How I built an open-source Slack assistant with persistent semantic memory, powered by any LLM and Mem0's managed memory layer — no vector database required.
The problem with Slack bots and memory
Most AI Slack bots have the memory of a goldfish. Every conversation starts from scratch. You ask it about your sprint goals, it gives a great answer, then three days later you ask a follow-up and it has no idea what you're talking about. You end up re-explaining context constantly.
The commercial solution to this is Claude Tag — a Slack integration that maintains genuine conversational continuity. But it's tied to one provider and not open-source.
slacktag-oss is our attempt to replicate that experience: a Slack bot with real, semantic, persistent memory that works with any LLM — including ones running entirely on your laptop.
What I built
A Python Slack bot with:
- Socket Mode for local dev (no public URL needed), HTTP-ready for prod
- LangChain to abstract LLM calls across any OpenAI-compatible endpoint
- Mem0 managed cloud for semantic memory — no Qdrant, no Pinecone, no infra to run
- Three memory scopes: per-channel, per-thread, per-DM
- Built-in
!clearand!memorycommands - A clean, extensible architecture you can fork and build on
Architecture
Before diving into code, here's the full request lifecycle:
┌─────────────────────────────────────────────────────────────┐
│ Slack │
│ @mention in channel ──┐ │
│ DM to bot ──┼──► Slack Events API │
│ Thread reply ──┘ │ │
└───────────────────────────────────│─────────────────────────┘
│ (Socket Mode / HTTP)
▼
┌─────────────────────────────────────────────────────────────┐
│ slack-bolt (Python) │
│ bot.py ──► router.py ──► handler.py │
│ │ │
│ ┌───────────────┤ │
│ │ │ │
│ ▼ ▼ │
│ Mem0 Client LangChain │
│ (managed) ChatOpenAI │
└────────────────────────────────────────────────────────────-┘
│
▼
┌───────────────────────┐
│ Mem0 Managed Cloud │
│ Vector Embeddings │
│ Entity Extraction │
│ Deduplication │
└───────────────────────┘
The key design decision: Mem0 is the only stateful dependency. There's no database to manage, no Redis, no Qdrant. The bot process itself is stateless — you can restart it freely without losing any memory.
Project structure
slacktag-oss/
├── main.py
├── config/settings.py ← Pydantic settings from .env
├── core/
│ ├── bot.py ← Slack Bolt app + event registration
│ ├── handler.py ← All orchestration logic lives here
│ └── router.py ← Dispatches channel mentions vs DMs
├── memory/
│ ├── base.py ← Abstract interface
│ ├── channel_memory.py ← Channel + thread scoped memory
│ ├── dm_memory.py ← Per-user private memory
│ └── mem0_store.py ← Mem0 client factory
├── llm/client.py ← ChatOpenAI factory
└── tools/registry.py ← Tool plugin stub (v2)

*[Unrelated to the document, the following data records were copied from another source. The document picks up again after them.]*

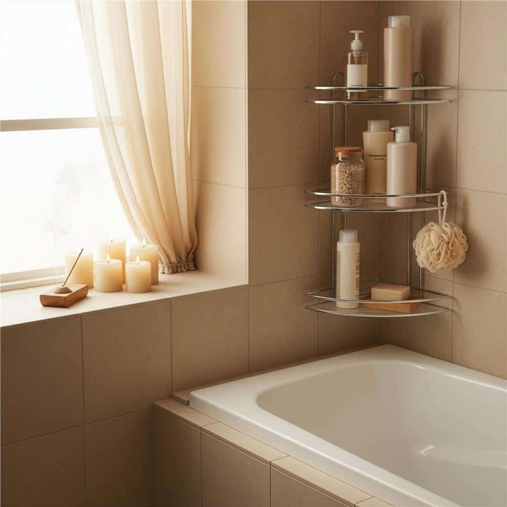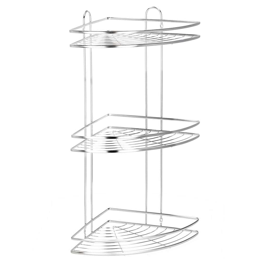Etajera de colt pentru dus, cu 3 polite, montaj pe perete, inox, 25x25x59 cm, argintiu Mob360 – produs disponibil în magazinul Mob360.
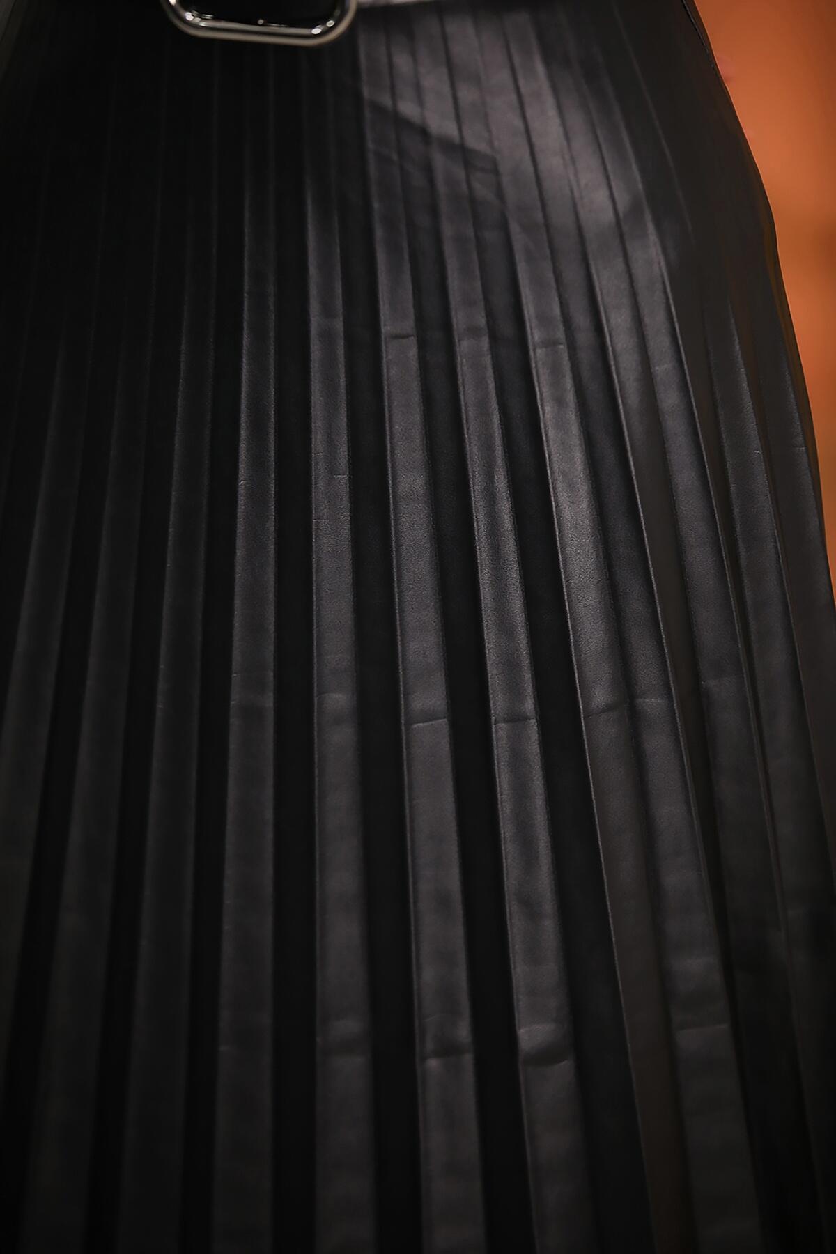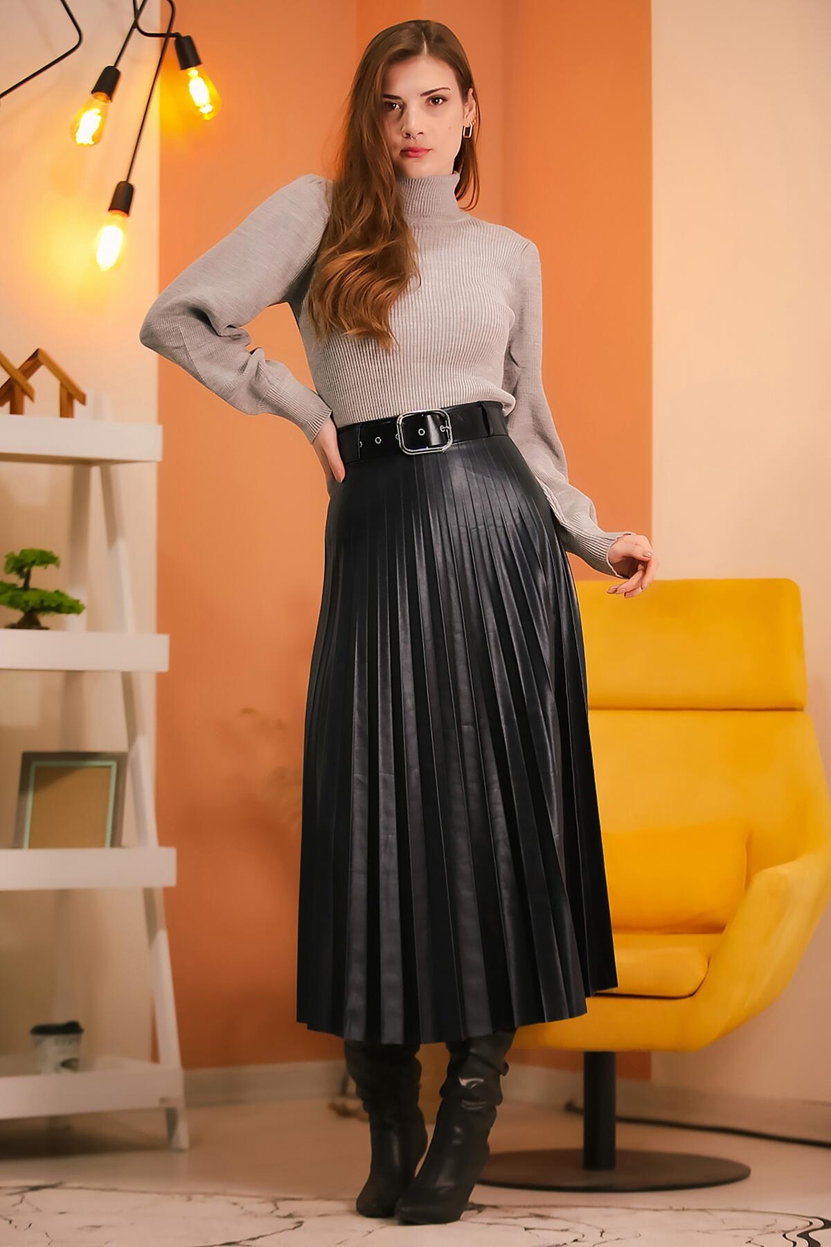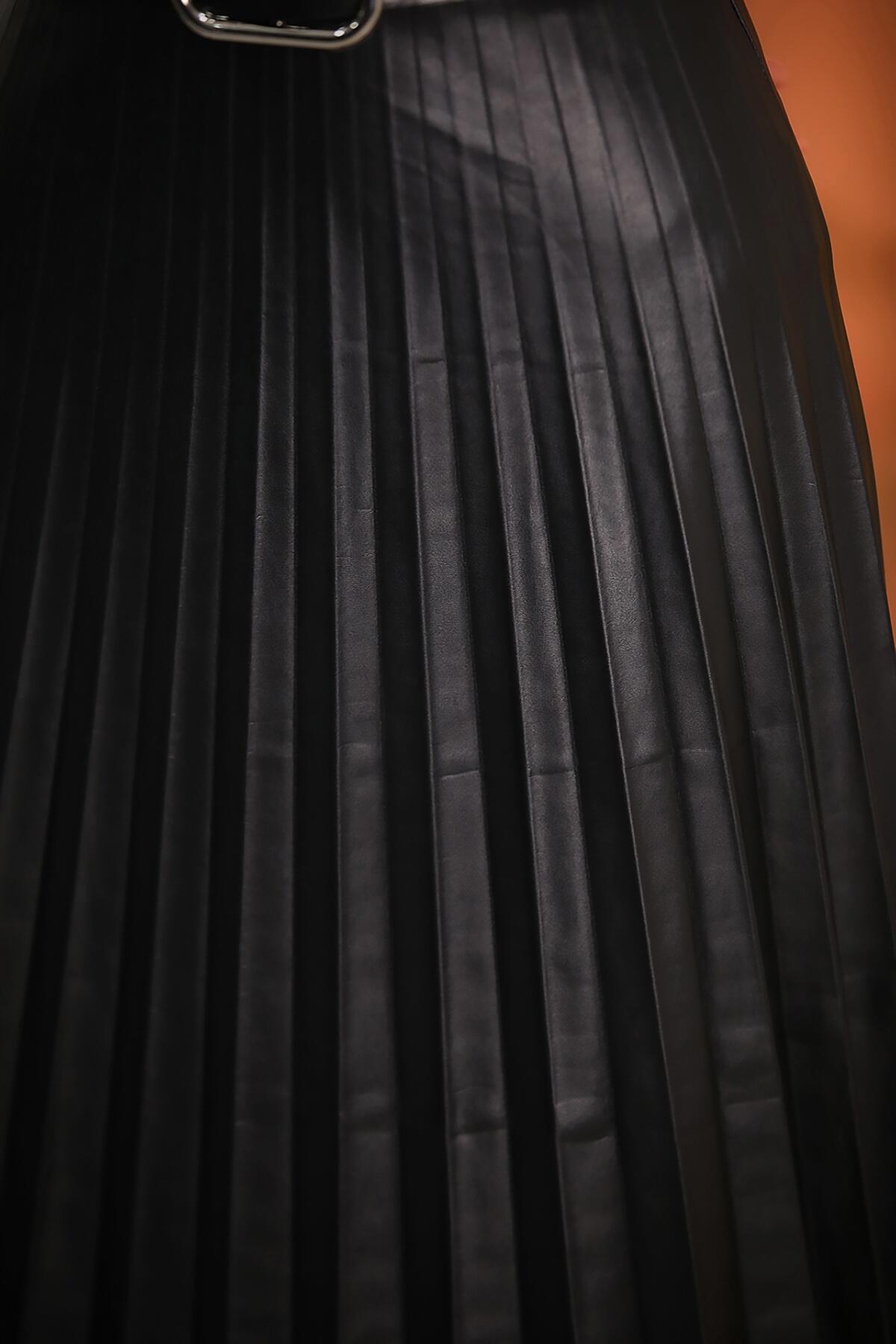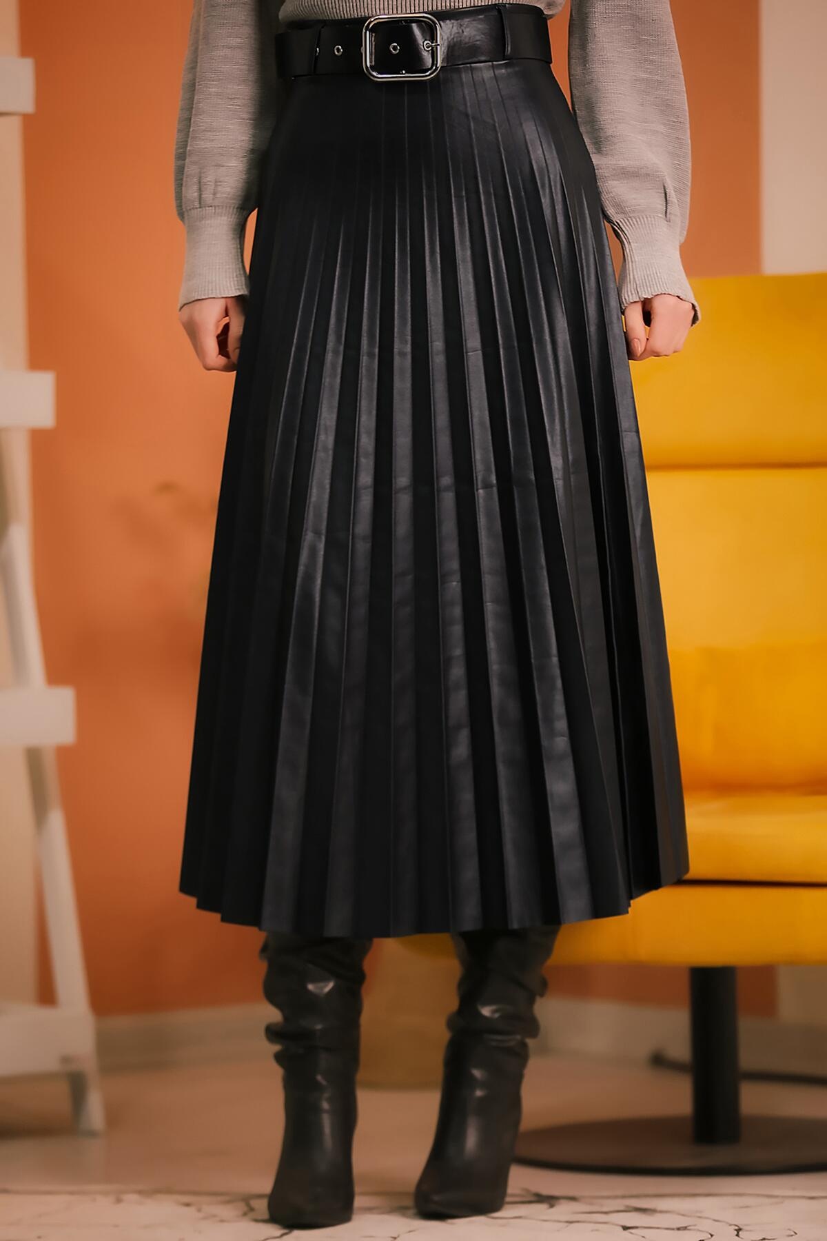 Kadın Midi Boy Kemerli Piliseli Deri Etek Siyah
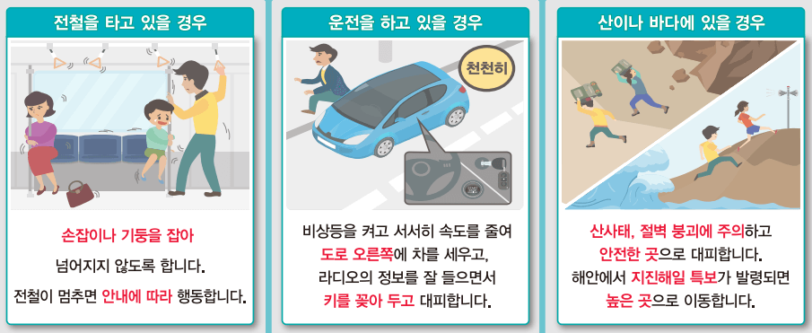 카테고리 없음 장소별 행동요령 by Bang cho ri 2023. 6. 10. 1. 건물 내부에 있을 때! 2. 다중이용시설에 있을 때! 3. 건물외부에 있을 때(전철, 자동차, 산이나 바다) □ 건물내부와 외부, 다중이용시설, 전철, 자동차, 산과 바다에서 지진발생 시 대피요령을 숙지하여 행동하기 바랍니다. 반응형 공유하기 게시글 관리 창업 으로 수익창출과 재산증식 !
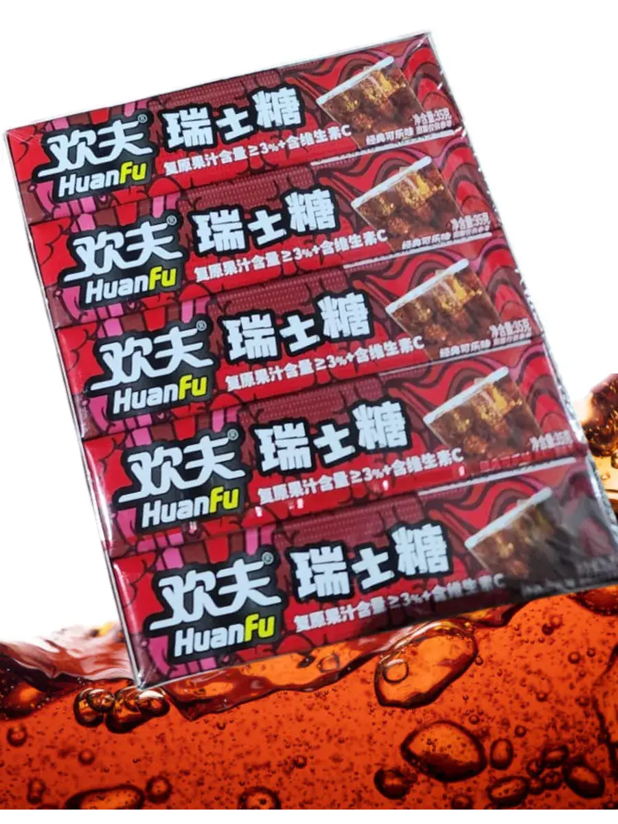 Попробуйте нечто совершенно новое с жевательными конфетами Huanfu! Это ваш маленький секрет удовольствия, готовый подарить мгновения нежности и гармонии. Свежесть Колы напомнит вам о любимом напитке и ярких моментах. Вкус всеми любимой газировки дарит ощущение бодрости и легкости. Каждая конфетка – это мгновение уюта, которое можно взять с собой куда угодно. Наслаждайтесь и удивляйтесь тому, как простое удовольствие может быть таким необычным! В блоке 20 пачек по 35г.
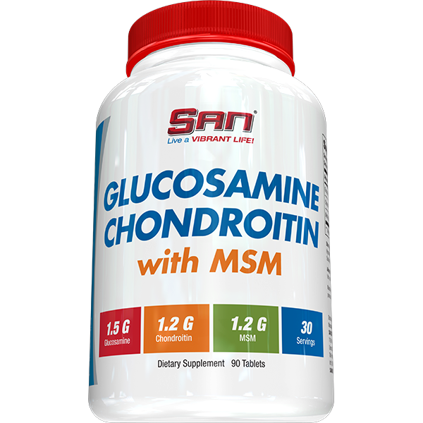 Комплекс SAN Glucosamine Chondroitin MSM способствует укреплению суставов и связок за счет специальных питательных нутриентов, которые, доказано, активируют противовоспалительный защитный механизм в нашем теле. Каждые три таблетки SAN Glucosamine Chondroitin MSM содержат клинически выверенную порцию глюкозамина (1500 мг), хондроитина (1200 мг) и метилсульфонилметана (1200 мг).

The memory layer: why Mem0
The typical approach to bot memory is a rolling window: keep the last N messages in the prompt. This breaks down fast — context gets stale, important things fall out of the window, and token costs grow linearly.
Mem0 takes a different approach. When you store a conversation, it:
- Runs an extraction pass to pull out facts, entities, and preferences
- Deduplicates them against what's already stored
- Indexes them as vector embeddings for semantic retrieval
When you later ask a question, you get back the most relevant past memories — not just the most recent ones. A user's preference mentioned three weeks ago will surface when relevant, even if hundreds of messages happened in between.
Setting up the client
Because we're using Mem0's managed cloud, the entire backend is three lines:
# memory/mem0_store.py
from mem0 import MemoryClient
from config.settings import settings
def get_mem0_client() -> MemoryClient:
return MemoryClient(api_key=settings.MEM0_API_KEY)
No vector database config. No embedding model to choose. No collection names to manage.
Memory scoping
The key insight for a Slack bot is that different conversations need different memory boundaries:
# channel_memory.py
def scope_id(self, channel_id: str, thread_ts: str = None) -> str:
if thread_ts:
return f"thread:{channel_id}:{thread_ts}" # isolated thread
return f"channel:{channel_id}" # shared channel
# dm_memory.py
def scope_id(self, user_id: str) -> str:
return f"dm:{user_id}" # private per user
Mem0 uses this string as a user_id — anything stored under channel:C12345 is shared by everyone in that channel. Anything under dm:U67890 is private. Thread memory is completely isolated so a debugging session in a thread doesn't pollute the main channel's memory.
BaseMemory interface
Both ChannelMemory and DMMemory implement the same four-method interface:
# memory/base.py
class BaseMemory(ABC):
@abstractmethod
def add(self, messages: list[dict], scope_id: str) -> None: ...
@abstractmethod
def search(self, query: str, scope_id: str) -> list[dict]: ...
@abstractmethod
def get_all(self, scope_id: str) -> list[dict]: ...
@abstractmethod
def clear(self, scope_id: str) -> None: ...
This makes it easy to swap backends later — implement BaseMemory, update the factory, done.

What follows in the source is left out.